A couple hours later, I get the call that he’s just going to crash up in SD for the night.  It’s almost 1am and he falls asleep driving at night so logical Hannah is glad he’s being safe.  Emotional Hannah is pissed.  How dare he not show up for the amazing night he knew nothing about?  How could he so heartlessly decide based on sense and rationality?  Hmph.

End scene.

This is just one little snippet of how, I’m realizing, I allow my dashed expectations of something to ruin my mood and dictate my responses.  One would think that being a teacher would have given me endless patience and humor to work around upheavals.  Apparently, however, my ability to roll with the punches is left at the classroom door.

I am a planner, through and through.  I get a buzz from timing out the perfect event or imagining exactly how certain scenarios will play out in my mind.  Spoiler alert: my mind and reality are like ex’s who don’t speak, apparently—nothing ever goes as imagined.

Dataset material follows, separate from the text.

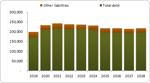 All figures in $000s, as at year ended 30 June 2019 - 2028.

The situation last night made me wonder–WHY is having a failed expectation such a blow?  Why can’t I just shrug it off and go merrily tra-la-laing back into the flow of things?

After some contemplation, I realized that I am treating every situation as if the other party knows about and/or is rooting for my perfectly planned out scenario and is acting accordingly.  Even though I logically know this is not true, when life proves that this is not the case, I tend to take it pretty hard.

One song that has spoken to me in particular concerning the above situation is “Life Changes” by Thomas Rhett.  One lyric specifically states “You make your plans and you hear God laughing” and if that doesn’t describe my life with ACCURACY I don’t know what does.

I’m realizing that I need to accept people for who they are and let them react to things in the way that they’re going to react and (this is key) BE OK WITH THEIR REACTION.  Above all, I need to assume that people have positive motivations, not negative (until PROVEN incorrect).

I think that this basic, foundational assumption is at the core of all contentment.  Why would I willingly assume that people are out to get me?  Why would I put myself into a state of sadness and anger when I could put on a different mind frame and literally transform EVERYTHING?

I also think that shifting my initial approach to the situation will help exponentially: instead of saying to myself “It will go like____“, I should be saying “I’d like it to go like_____“.  Just that tiny, tiny rewording will monumentally change how I view any deviations from how I thought it might play out.

For example, instead of saying “My dinner party will start at 7pm”, say “I’d like the party to start at 7pm.”  In the first scenario, if the party hasn’t started yet and it’s 7:10, panic starts a’brewing.  In the second, if it’s 7:10 and it hasn’t started yet, flexibility comes in to play: “Oh, well, let’s wait until so and so arrives, and then we can kick things off”.

Instant mindset shift.  Instant relief.  Instant enjoyment.

Because really, that’s what life boils down to: ENJOYMENTYou cannot have joy in the present moment if you are constantly comparing it to a fake moment you have placed upon a pedestal.

I don’t know about you, but I don’t want to go through my life miserable simply because I’m throwing a mental tantrum about how things should be versus how they are.  Life is too precious to waste on wishes and should-haves and why-didn’t-they’s.

So, my promise to myself is this:

From this moment forward, I will keep my standards high and my expectations low.  I will know what I am worth and also enjoy what I am given.  I will not settle, yet I will be content with what I have. 

Paradoxical?  Yes.  But that, my friends, is life.  And what greater honor do we have than to live it, learn from it, and wholeheartedly love it every. damn. day?